── Materials provided

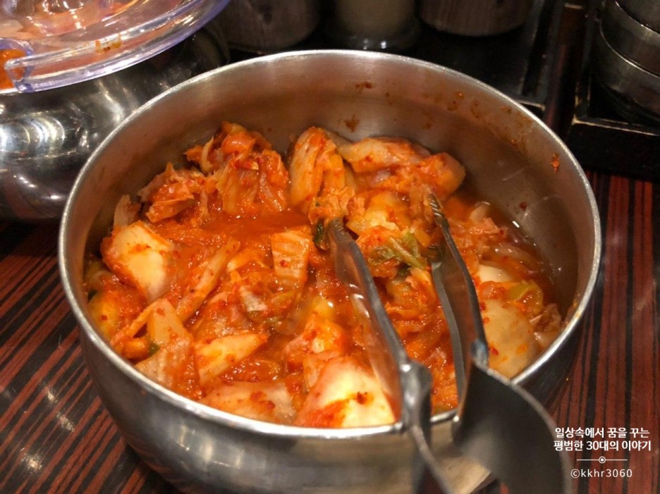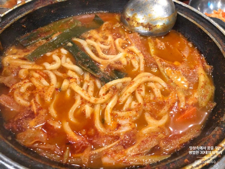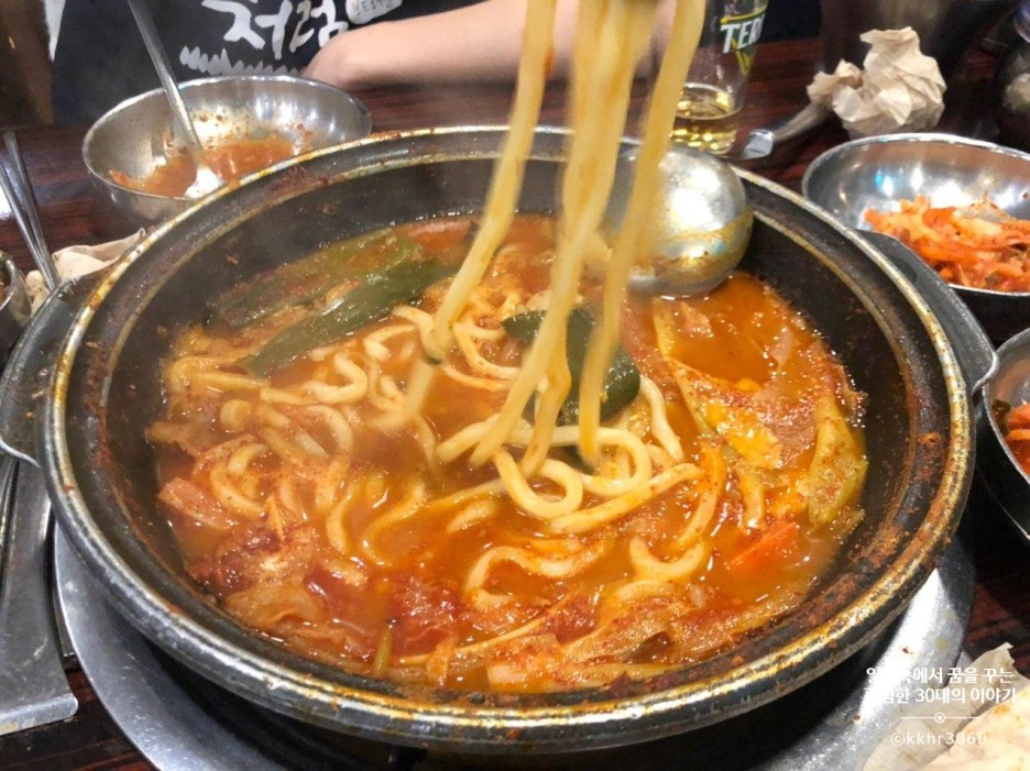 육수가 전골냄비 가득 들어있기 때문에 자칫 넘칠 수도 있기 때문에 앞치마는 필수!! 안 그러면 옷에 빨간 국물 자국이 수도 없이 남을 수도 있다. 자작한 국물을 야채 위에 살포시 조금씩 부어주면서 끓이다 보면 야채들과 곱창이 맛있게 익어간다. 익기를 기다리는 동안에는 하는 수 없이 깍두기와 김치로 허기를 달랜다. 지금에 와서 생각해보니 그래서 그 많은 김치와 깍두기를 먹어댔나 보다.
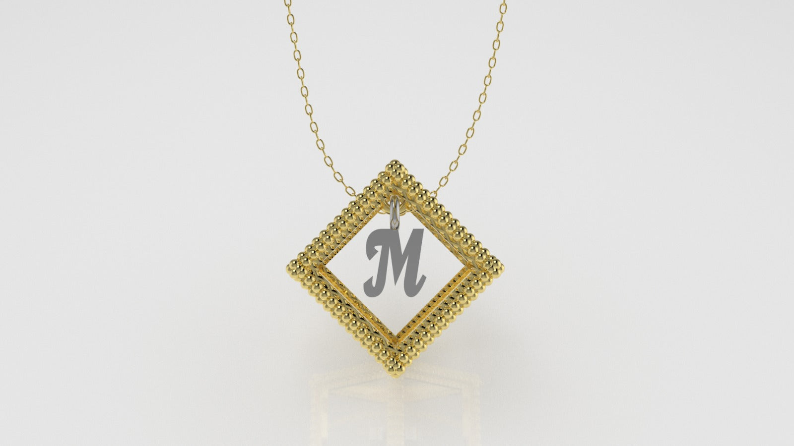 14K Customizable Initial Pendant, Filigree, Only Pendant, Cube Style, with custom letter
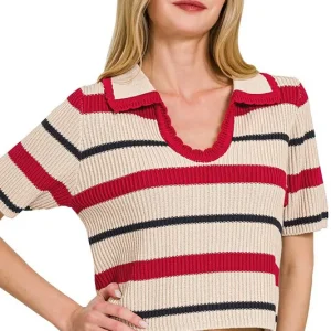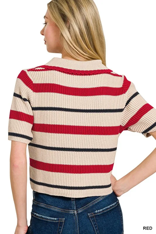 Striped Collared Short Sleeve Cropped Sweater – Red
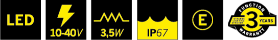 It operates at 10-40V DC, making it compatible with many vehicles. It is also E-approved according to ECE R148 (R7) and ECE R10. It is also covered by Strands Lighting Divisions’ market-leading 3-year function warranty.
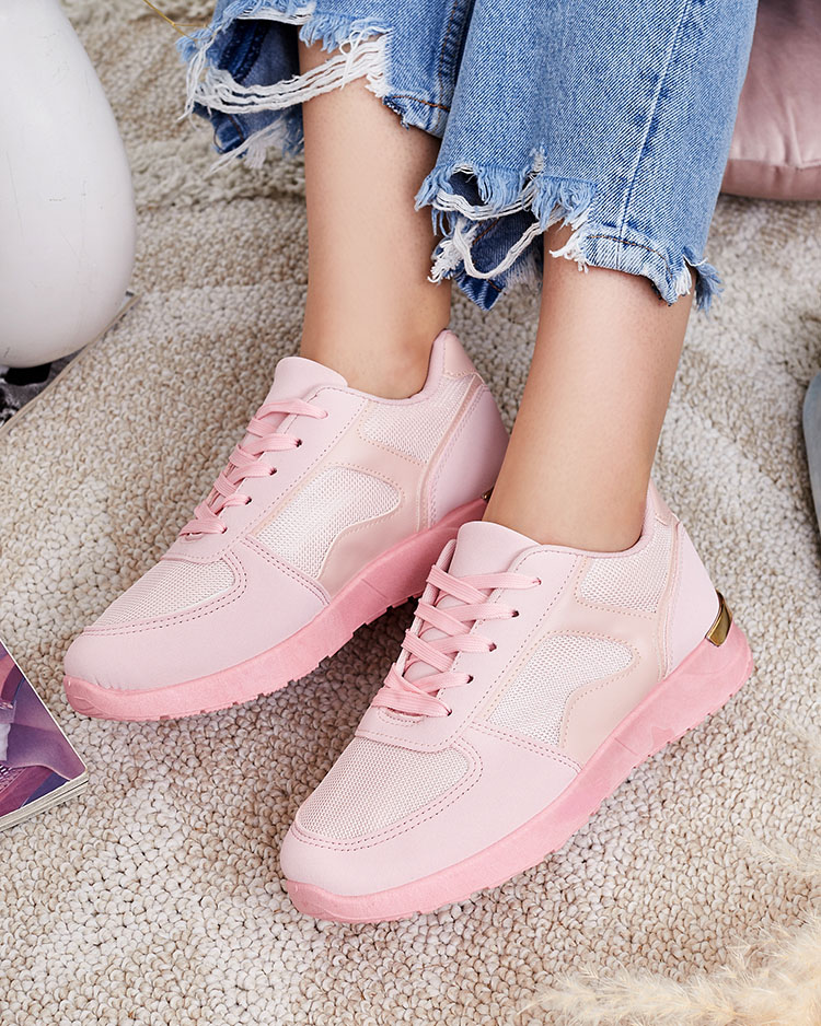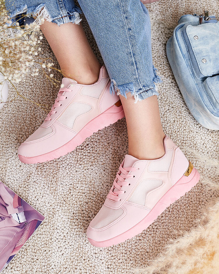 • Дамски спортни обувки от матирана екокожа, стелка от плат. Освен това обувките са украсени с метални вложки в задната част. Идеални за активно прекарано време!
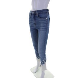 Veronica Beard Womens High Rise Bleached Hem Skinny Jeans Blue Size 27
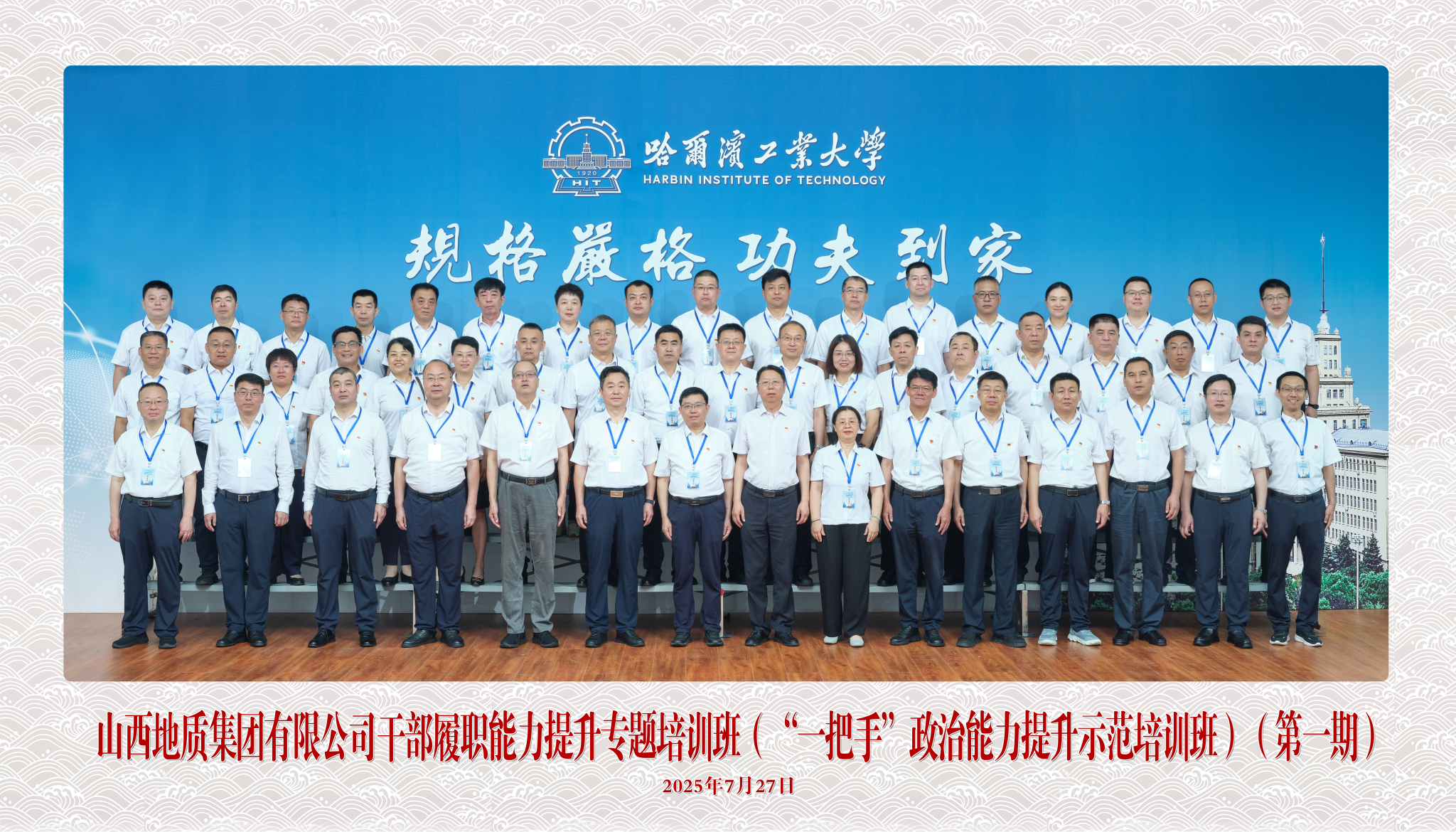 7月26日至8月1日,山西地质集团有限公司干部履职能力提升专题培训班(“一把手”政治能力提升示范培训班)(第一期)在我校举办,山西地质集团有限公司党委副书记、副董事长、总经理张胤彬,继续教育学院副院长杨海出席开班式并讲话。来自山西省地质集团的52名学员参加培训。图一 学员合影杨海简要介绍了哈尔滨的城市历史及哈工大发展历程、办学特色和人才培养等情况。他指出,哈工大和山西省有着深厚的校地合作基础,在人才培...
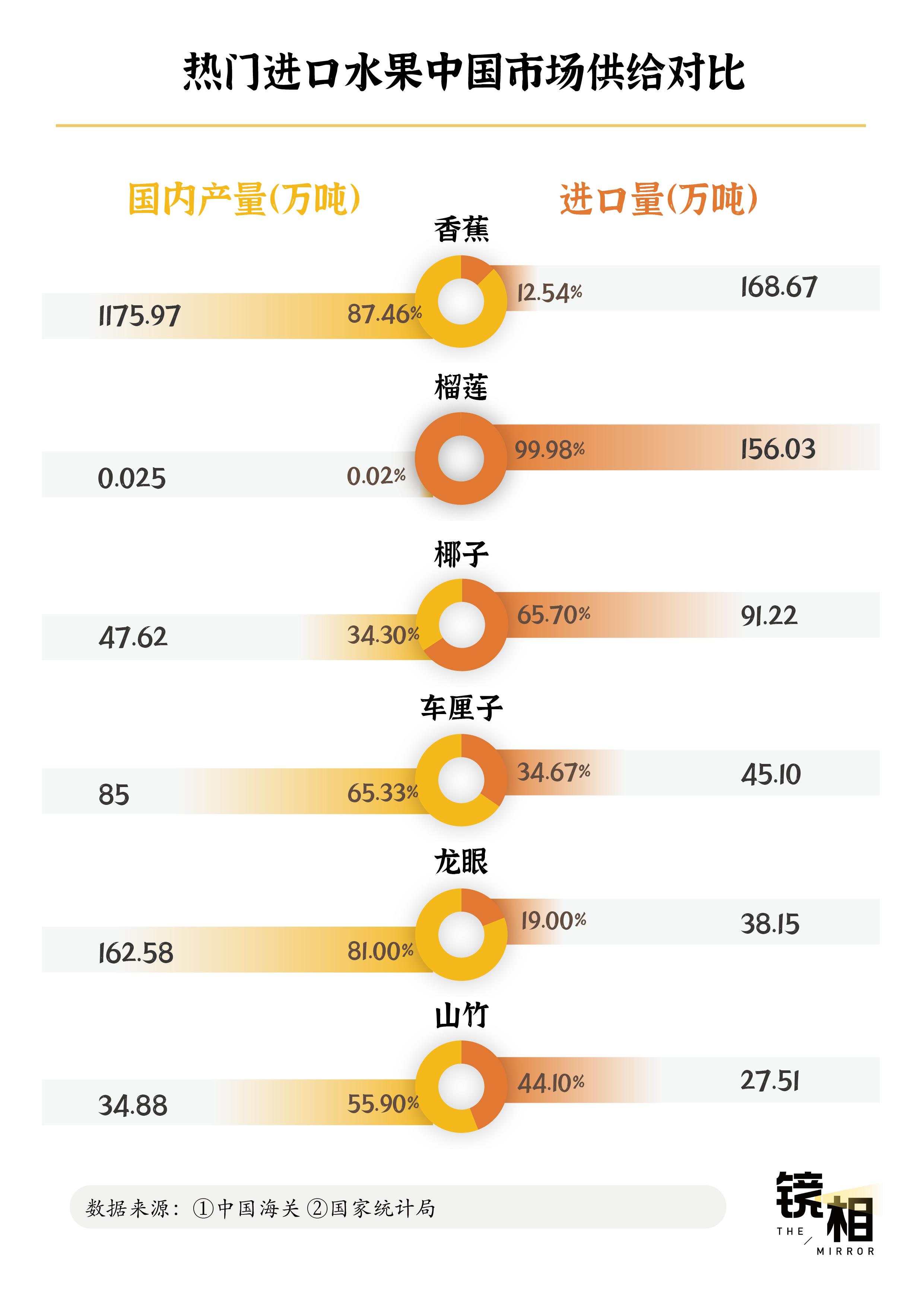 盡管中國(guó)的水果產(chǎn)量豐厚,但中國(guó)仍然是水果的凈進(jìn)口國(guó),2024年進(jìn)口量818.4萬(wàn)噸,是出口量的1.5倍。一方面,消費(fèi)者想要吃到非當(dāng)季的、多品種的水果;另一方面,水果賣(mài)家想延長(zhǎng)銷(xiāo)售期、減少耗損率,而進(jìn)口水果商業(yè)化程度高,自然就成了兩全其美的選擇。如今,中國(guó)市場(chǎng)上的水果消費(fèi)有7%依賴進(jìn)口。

────

◆ **What the task asks**
When you retype the data above, match every line exactly and leave the pictures behind.

◆ **Response to the task**
 육수가 전골냄비 가득 들어있기 때문에 자칫 넘칠 수도 있기 때문에 앞치마는 필수!! 안 그러면 옷에 빨간 국물 자국이 수도 없이 남을 수도 있다. 자작한 국물을 야채 위에 살포시 조금씩 부어주면서 끓이다 보면 야채들과 곱창이 맛있게 익어간다. 익기를 기다리는 동안에는 하는 수 없이 깍두기와 김치로 허기를 달랜다. 지금에 와서 생각해보니 그래서 그 많은 김치와 깍두기를 먹어댔나 보다.
 14K Customizable Initial Pendant, Filigree, Only Pendant, Cube Style, with custom letter
 Striped Collared Short Sleeve Cropped Sweater – Red
 It operates at 10-40V DC, making it compatible with many vehicles. It is also E-approved according to ECE R148 (R7) and ECE R10. It is also covered by Strands Lighting Divisions’ market-leading 3-year function warranty.
 • Дамски спортни обувки от матирана екокожа, стелка от плат. Освен това обувките са украсени с метални вложки в задната част. Идеални за активно прекарано време!
 Veronica Beard Womens High Rise Bleached Hem Skinny Jeans Blue Size 27
 7月26日至8月1日,山西地质集团有限公司干部履职能力提升专题培训班(“一把手”政治能力提升示范培训班)(第一期)在我校举办,山西地质集团有限公司党委副书记、副董事长、总经理张胤彬,继续教育学院副院长杨海出席开班式并讲话。来自山西省地质集团的52名学员参加培训。图一 学员合影杨海简要介绍了哈尔滨的城市历史及哈工大发展历程、办学特色和人才培养等情况。他指出,哈工大和山西省有着深厚的校地合作基础,在人才培...
 盡管中國(guó)的水果產(chǎn)量豐厚,但中國(guó)仍然是水果的凈進(jìn)口國(guó),2024年進(jìn)口量818.4萬(wàn)噸,是出口量的1.5倍。一方面,消費(fèi)者想要吃到非當(dāng)季的、多品種的水果;另一方面,水果賣(mài)家想延長(zhǎng)銷(xiāo)售期、減少耗損率,而進(jìn)口水果商業(yè)化程度高,自然就成了兩全其美的選擇。如今,中國(guó)市場(chǎng)上的水果消費(fèi)有7%依賴進(jìn)口。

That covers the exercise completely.